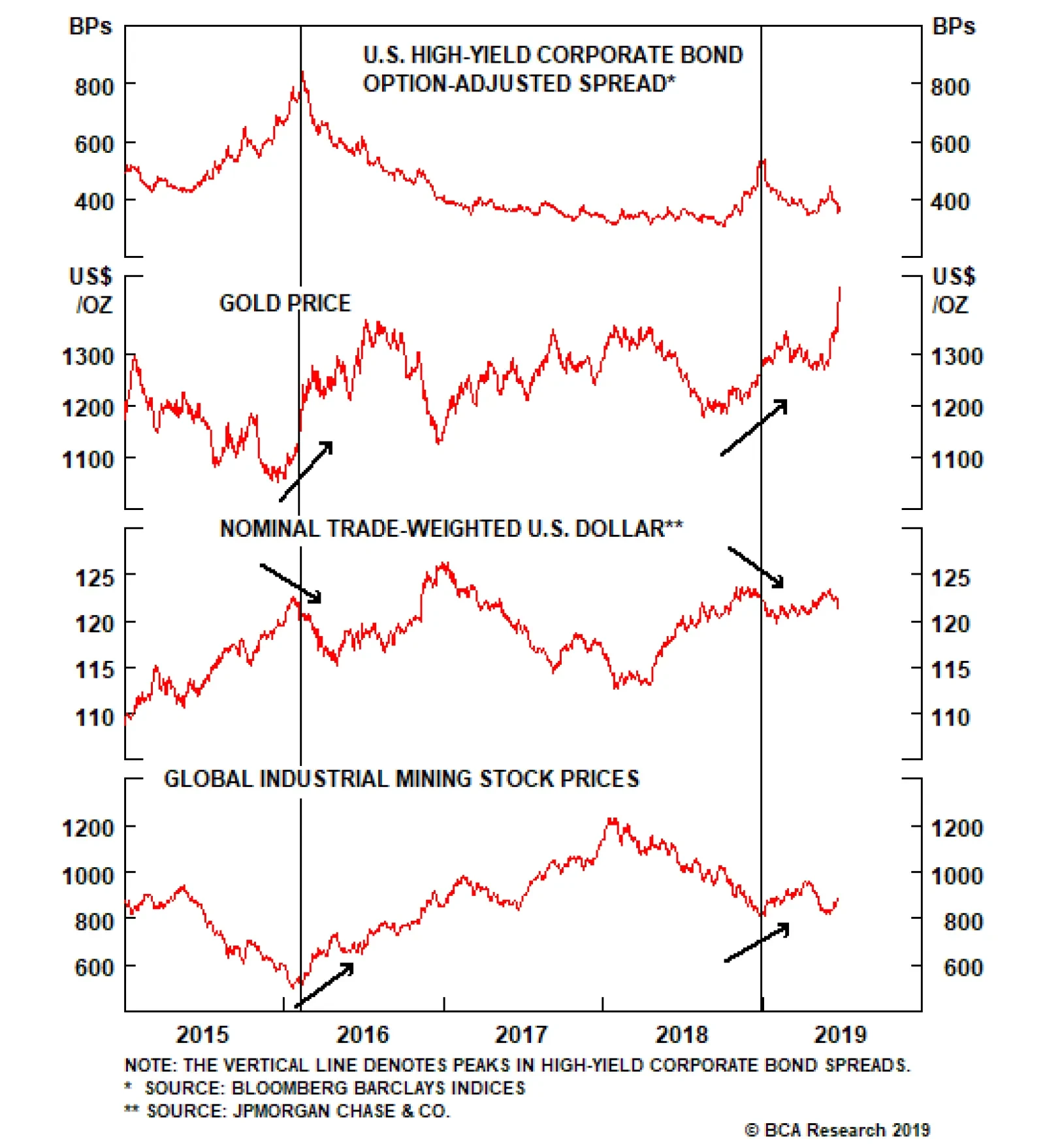 Investment grade corporate bonds outperformed the duration-equivalent Treasury index by 144 basis points in June, bringing year-to-date excess returns up to +368 bps. We removed our recommendation to hedge near-term corporate credit exposure after the Fed’s clear dovish pivot at the June FOMC meeting.1 At that time, we also noted that the surging gold price, weakening trade-weighted dollar and outperformance of global industrial mining stocks were all signaling that corporate spreads have peaked (Chart 2). Of our “peak credit spread” indicators, only the CRB Raw Industrials index has yet to turn the corner. The macro environment supports tighter spreads. But in the investment grade space, value only looks attractive for Baa-rated securities. Baa spreads remain 7 bps above our target (panel 3), while Aa and A-rated spreads are 1 bp and 4 bps below, respectively (panel 4). Aaa bonds are even more expensive, with spreads 19 bps below target (not shown).2 Investors should focus their investment grade corporate bond exposure on Baa-rated securities. Our measure of gross leverage – total debt over pre-tax profits – jumped in Q1, as corporate debt grew at an annualized pace of 8.5% while corporate profits contracted by an annualized 18% (bottom panel). Leverage will likely rise again in Q2, as profit growth will almost certainly remain weak, but should then level-off as global growth recovers.
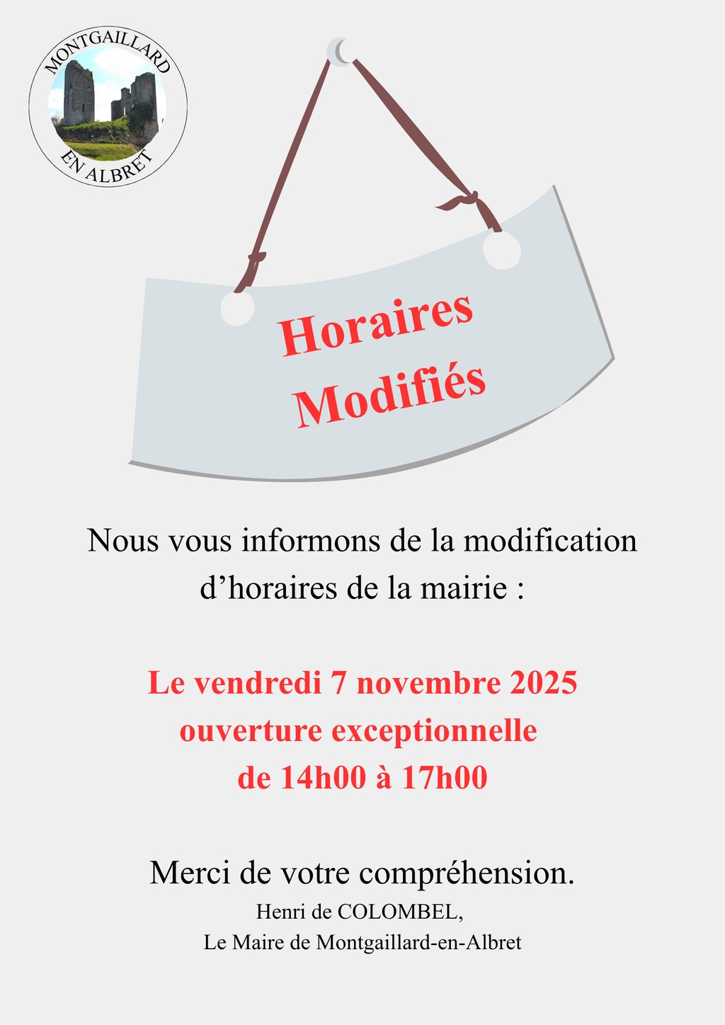 Nous vous informons de la modification d’horaires de la mairie :
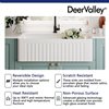 This DeerValley Double Bowl Farmhouse Kitchen Sink adds a touch of country-chic style to your kitchen, perfect for rinsing dishes and filling stockpots. Crafted from high-quality ceramic, this white farmhouse sink features a smooth, glazed finish that is durable, stain-resistant, and able to withstand everyday use. With its reversible design, this sink offers two different options for the exposed face, allowing you to choose based on your personal preference and kitchen decor. DeerValley is committed to meeting your needs and enhancing your kitchen experience.
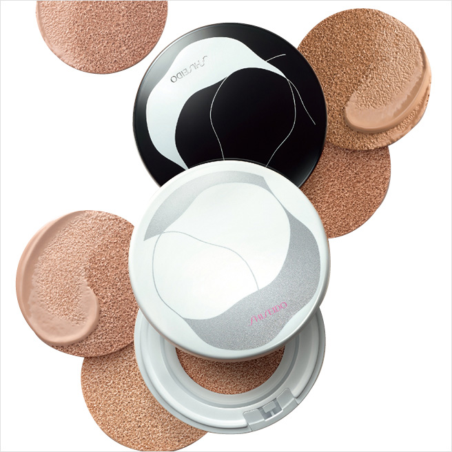 화사한 피부 톤과 보송한 마무리감이 특징인 싱크로 스킨 화이트 쿠션 컴팩트, 5만5천원, Shiseido.
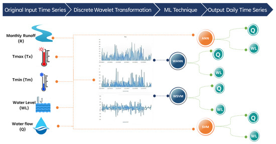 - Zakhrouf, M.; Bouchelkia, H.; Stamboul, M.; Kim, S.; Heddam, S. Time Series Forecasting of River Flow Using an Integrated Approach of Wavelet Multi-Resolution Analysis and Evolutionary Data-Driven Models. A Case Study: Sebaou River (Algeria). Phys. Geogr. 2018, 39, 506–522. [Google Scholar] [CrossRef]
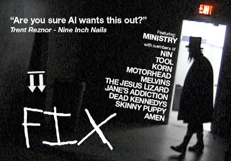 J-F Pilon, un de nos lecteurs m’a parlé aujourd’hui de FIX, un documentaire sur Ministry. J’avais vu une nouvelle sur le documentaire il y a longtemps mais l’avait complètement oublié. En effet le film était supposé sortir cet été mais… non. Sur la page Facebook, on indique une sortie pour janvier 2011. Bref, le site est plus intéressant qu’il l’était à son annonce en 2009. On a maintenant des trailers et photos! Très hâte de voir ça, étant un fan fini de Ministry.
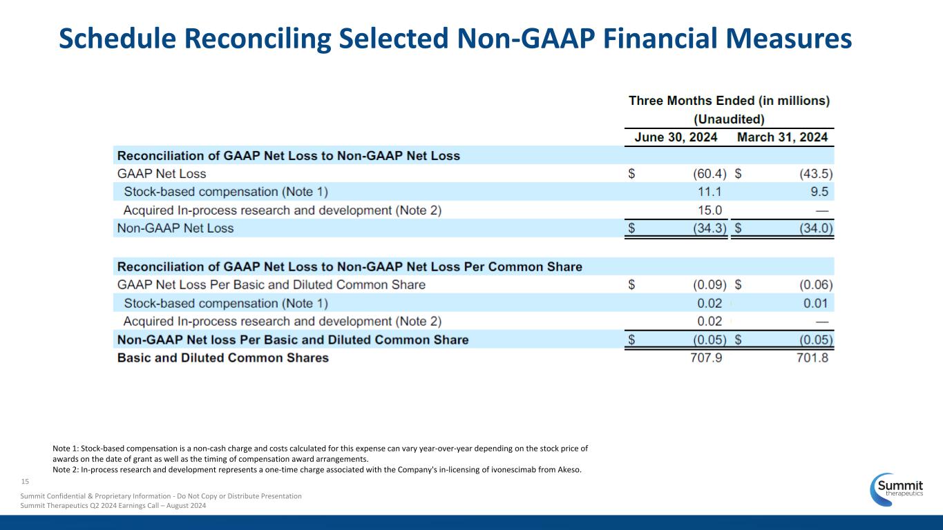 附表调节选定的非公认会计原则财务措施注1:基于股票的薪酬是一项非现金费用,根据授予日奖励的股票价格以及补偿奖励安排的时间安排,为这笔费用计算的成本可能会逐年变化。注2:进行中的研发是与公司从Akeso获得ivonescimab的许可相关的一次性费用。14 Summit机密和专有信息-不复制或分发演示文稿Summit Therapeutics 2024年第二季度财报电话会议– 2024年8月
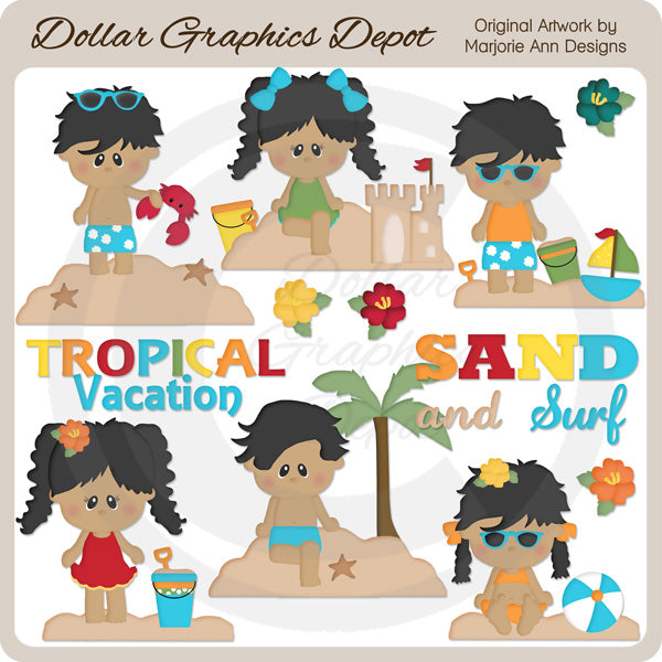 This large collection includes adorable little boys and girls, lots of sand, starfish, a crab, sunglasses, sand buckets and shovels, a sand castle, a sailboat, a palm tree, a beach ball, tropical flowers, and two word art graphics - "Tropical Vacation" and "Sand and Surf." This set contains 12 graphics.
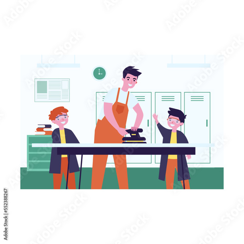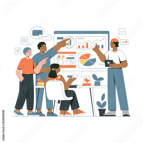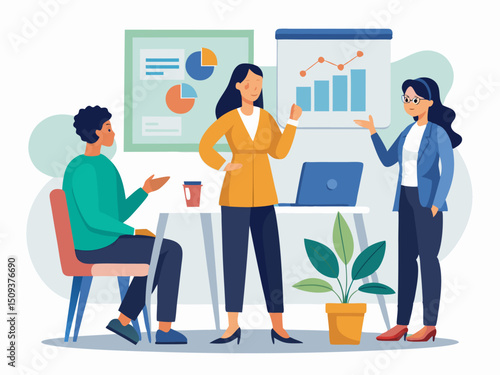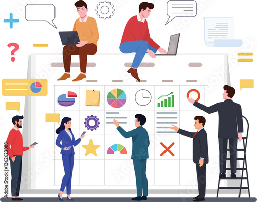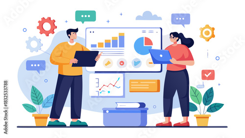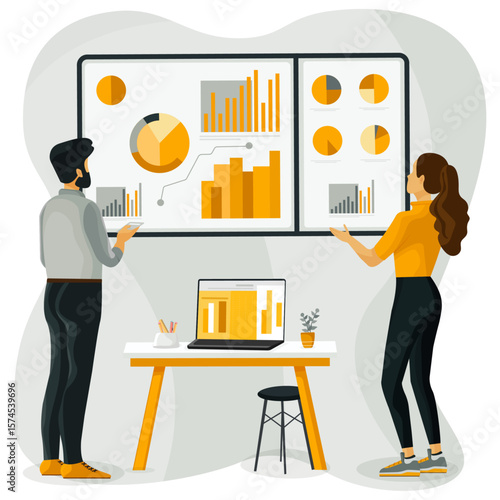Офисная сцена с современным рабочим местом, доска канбан на стене, мужчина и женщина работают над бизнес-проектом, плоская векторная иллюстрация. Гибкая методология Канбана, офисная ситуация, командная работа.
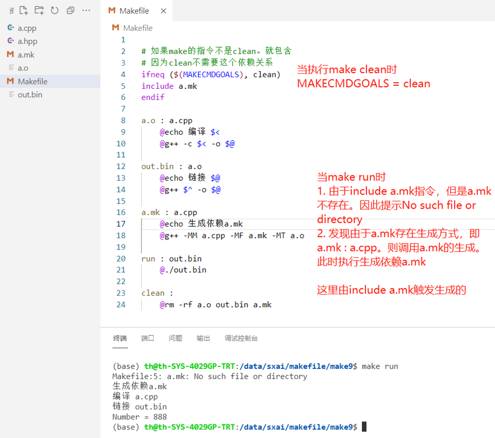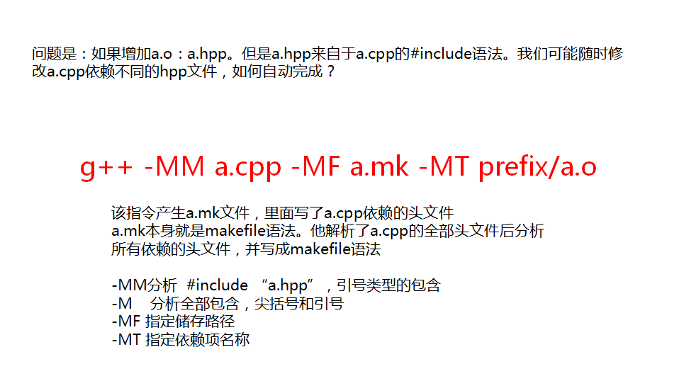 g++ -MM a.cpp -MF a.mk -MT a.o - 为了使编译后的a.mk生效,我们可以通过
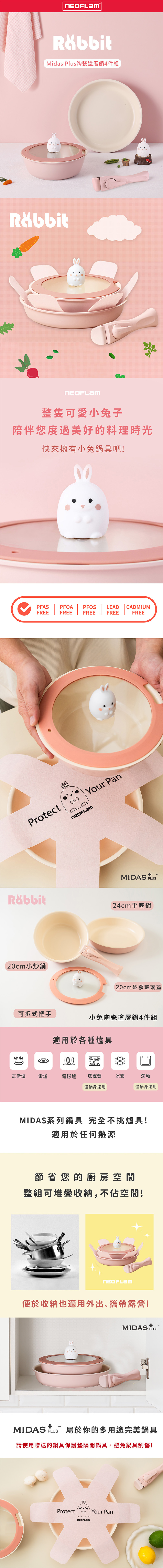 品 名:Midas Plus 陶瓷塗層鍋4件組-小兔
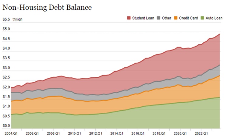 因此,我们可以在这里看到一些重要的事情:名义债务数字并不是全貌。随着2022年期间通货膨胀率不断上升,债务人获得了差额,因为他们能够在通货膨胀率飙升之前花钱,并且正在用购买力不断下降的通货膨胀率飙升后的美元偿还贷款。而且不仅仅是与住房相关的债务在上升。
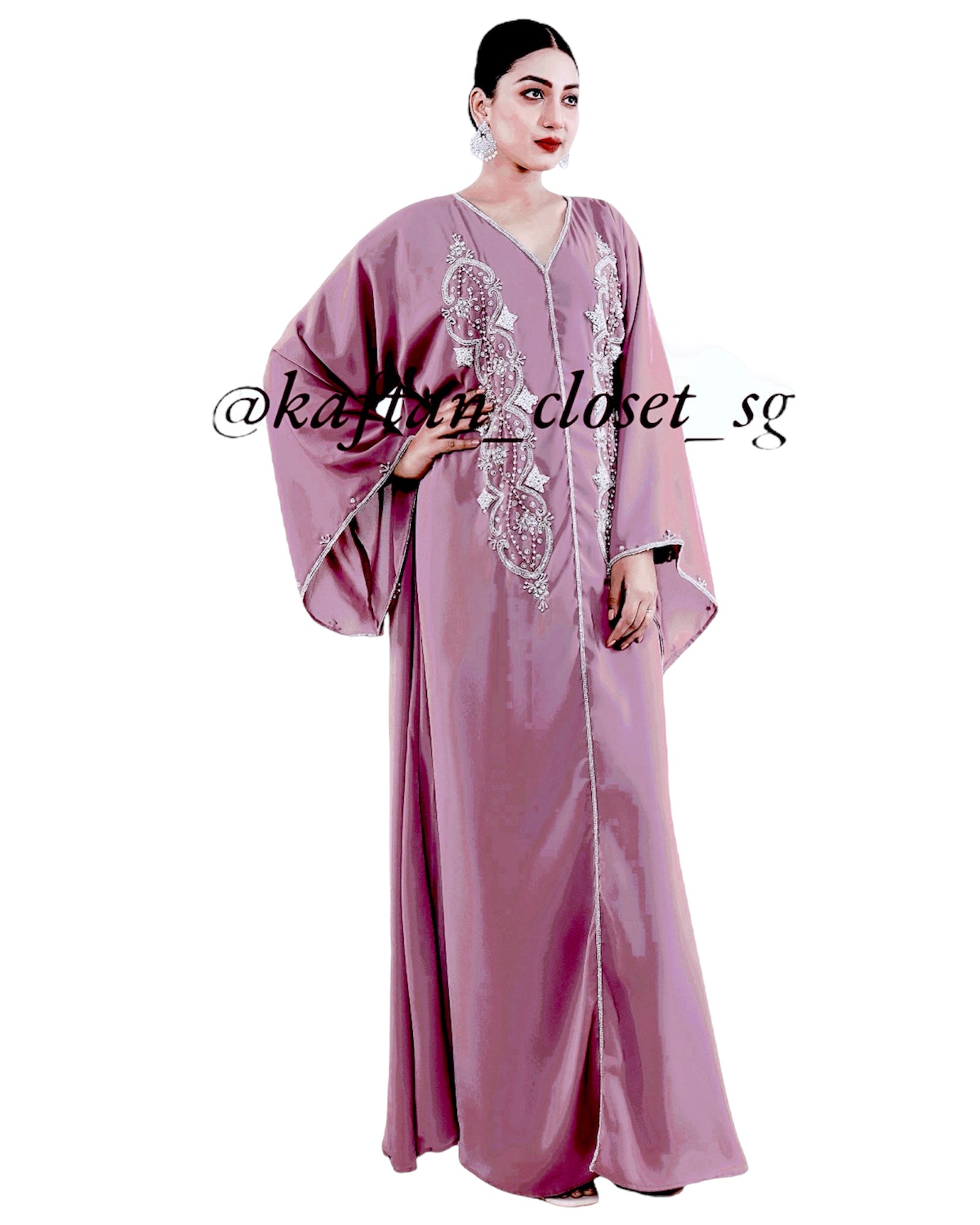 Elevate your style with the Tiara Stonework & Metallic Threadwork kaftan. The V-neckline and flared sleeves offer a flattering silhouette, while the chiffon blend fabric ensures comfort. The silver and white stonework with metallic threadwork adds a touch of elegance. Available in free size, it fits up to a bust of 48 inches and comes in various lengths.
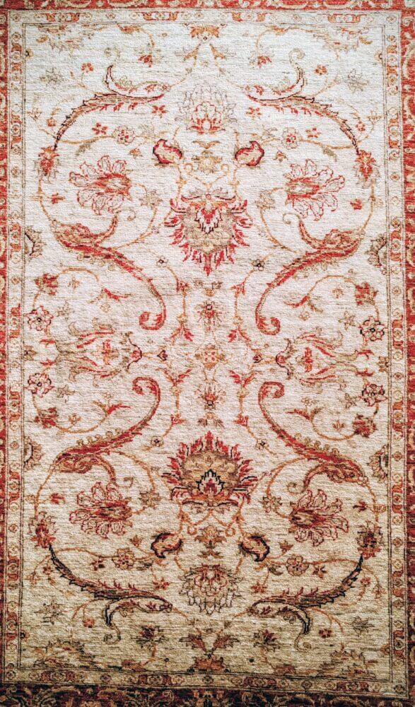 Tappeto orientale Zigler Ferahan, colori naturali pastelli , fondo chiaro quindi tappeto è molto luminoso, disegno floreale molto elegante ed è decorativo.
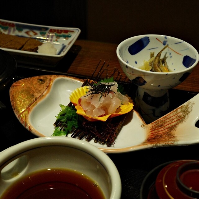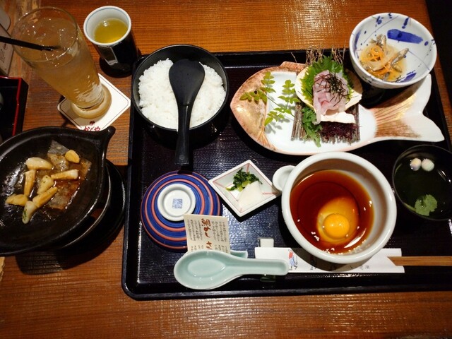 八ツ鹿御前。鯛めしと郷土料理のさつまがメイン。宇和島地方の鯛めしは刺身に出汁?とたまごを混ぜて食べるタイプ。郷土料理であるさつまも美味しく頂きました。その他じゃこ天は温かくマリネも美味しかった。LO ...
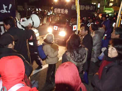 ■午前3時すぎ、パトリオットの台車になる大型トレーラー5台が、地響きをたてて正門前に近づくと、人々は口々に「パトリオット配備やめろ」「強行搬入を阻止するぞ!」「機動隊は帰れ!」などの激しいシュプレヒコールをたたきつけ、抗議行動をやり抜きました。

Instructions for the task:
Print all entries exactly. The images do not belong in the copy.

Answer for the task:
 Investment grade corporate bonds outperformed the duration-equivalent Treasury index by 144 basis points in June, bringing year-to-date excess returns up to +368 bps. We removed our recommendation to hedge near-term corporate credit exposure after the Fed’s clear dovish pivot at the June FOMC meeting.1 At that time, we also noted that the surging gold price, weakening trade-weighted dollar and outperformance of global industrial mining stocks were all signaling that corporate spreads have peaked (Chart 2). Of our “peak credit spread” indicators, only the CRB Raw Industrials index has yet to turn the corner. The macro environment supports tighter spreads. But in the investment grade space, value only looks attractive for Baa-rated securities. Baa spreads remain 7 bps above our target (panel 3), while Aa and A-rated spreads are 1 bp and 4 bps below, respectively (panel 4). Aaa bonds are even more expensive, with spreads 19 bps below target (not shown).2 Investors should focus their investment grade corporate bond exposure on Baa-rated securities. Our measure of gross leverage – total debt over pre-tax profits – jumped in Q1, as corporate debt grew at an annualized pace of 8.5% while corporate profits contracted by an annualized 18% (bottom panel). Leverage will likely rise again in Q2, as profit growth will almost certainly remain weak, but should then level-off as global growth recovers.
 Nous vous informons de la modification d’horaires de la mairie :
 This DeerValley Double Bowl Farmhouse Kitchen Sink adds a touch of country-chic style to your kitchen, perfect for rinsing dishes and filling stockpots. Crafted from high-quality ceramic, this white farmhouse sink features a smooth, glazed finish that is durable, stain-resistant, and able to withstand everyday use. With its reversible design, this sink offers two different options for the exposed face, allowing you to choose based on your personal preference and kitchen decor. DeerValley is committed to meeting your needs and enhancing your kitchen experience.
 화사한 피부 톤과 보송한 마무리감이 특징인 싱크로 스킨 화이트 쿠션 컴팩트, 5만5천원, Shiseido.
 - Zakhrouf, M.; Bouchelkia, H.; Stamboul, M.; Kim, S.; Heddam, S. Time Series Forecasting of River Flow Using an Integrated Approach of Wavelet Multi-Resolution Analysis and Evolutionary Data-Driven Models. A Case Study: Sebaou River (Algeria). Phys. Geogr. 2018, 39, 506–522. [Google Scholar] [CrossRef]
 J-F Pilon, un de nos lecteurs m’a parlé aujourd’hui de FIX, un documentaire sur Ministry. J’avais vu une nouvelle sur le documentaire il y a longtemps mais l’avait complètement oublié. En effet le film était supposé sortir cet été mais… non. Sur la page Facebook, on indique une sortie pour janvier 2011. Bref, le site est plus intéressant qu’il l’était à son annonce en 2009. On a maintenant des trailers et photos! Très hâte de voir ça, étant un fan fini de Ministry.
 附表调节选定的非公认会计原则财务措施注1:基于股票的薪酬是一项非现金费用,根据授予日奖励的股票价格以及补偿奖励安排的时间安排,为这笔费用计算的成本可能会逐年变化。注2:进行中的研发是与公司从Akeso获得ivonescimab的许可相关的一次性费用。14 Summit机密和专有信息-不复制或分发演示文稿Summit Therapeutics 2024年第二季度财报电话会议– 2024年8月
 This large collection includes adorable little boys and girls, lots of sand, starfish, a crab, sunglasses, sand buckets and shovels, a sand castle, a sailboat, a palm tree, a beach ball, tropical flowers, and two word art graphics - "Tropical Vacation" and "Sand and Surf." This set contains 12 graphics.
Офисная сцена с современным рабочим местом, доска канбан на стене, мужчина и женщина работают над бизнес-проектом, плоская векторная иллюстрация. Гибкая методология Канбана, офисная ситуация, командная работа.
 g++ -MM a.cpp -MF a.mk -MT a.o - 为了使编译后的a.mk生效,我们可以通过
 品 名:Midas Plus 陶瓷塗層鍋4件組-小兔
 因此,我们可以在这里看到一些重要的事情:名义债务数字并不是全貌。随着2022年期间通货膨胀率不断上升,债务人获得了差额,因为他们能够在通货膨胀率飙升之前花钱,并且正在用购买力不断下降的通货膨胀率飙升后的美元偿还贷款。而且不仅仅是与住房相关的债务在上升。
 Elevate your style with the Tiara Stonework & Metallic Threadwork kaftan. The V-neckline and flared sleeves offer a flattering silhouette, while the chiffon blend fabric ensures comfort. The silver and white stonework with metallic threadwork adds a touch of elegance. Available in free size, it fits up to a bust of 48 inches and comes in various lengths.
 Tappeto orientale Zigler Ferahan, colori naturali pastelli , fondo chiaro quindi tappeto è molto luminoso, disegno floreale molto elegante ed è decorativo.
 八ツ鹿御前。鯛めしと郷土料理のさつまがメイン。宇和島地方の鯛めしは刺身に出汁?とたまごを混ぜて食べるタイプ。郷土料理であるさつまも美味しく頂きました。その他じゃこ天は温かくマリネも美味しかった。LO ...
 ■午前3時すぎ、パトリオットの台車になる大型トレーラー5台が、地響きをたてて正門前に近づくと、人々は口々に「パトリオット配備やめろ」「強行搬入を阻止するぞ!」「機動隊は帰れ!」などの激しいシュプレヒコールをたたきつけ、抗議行動をやり抜きました。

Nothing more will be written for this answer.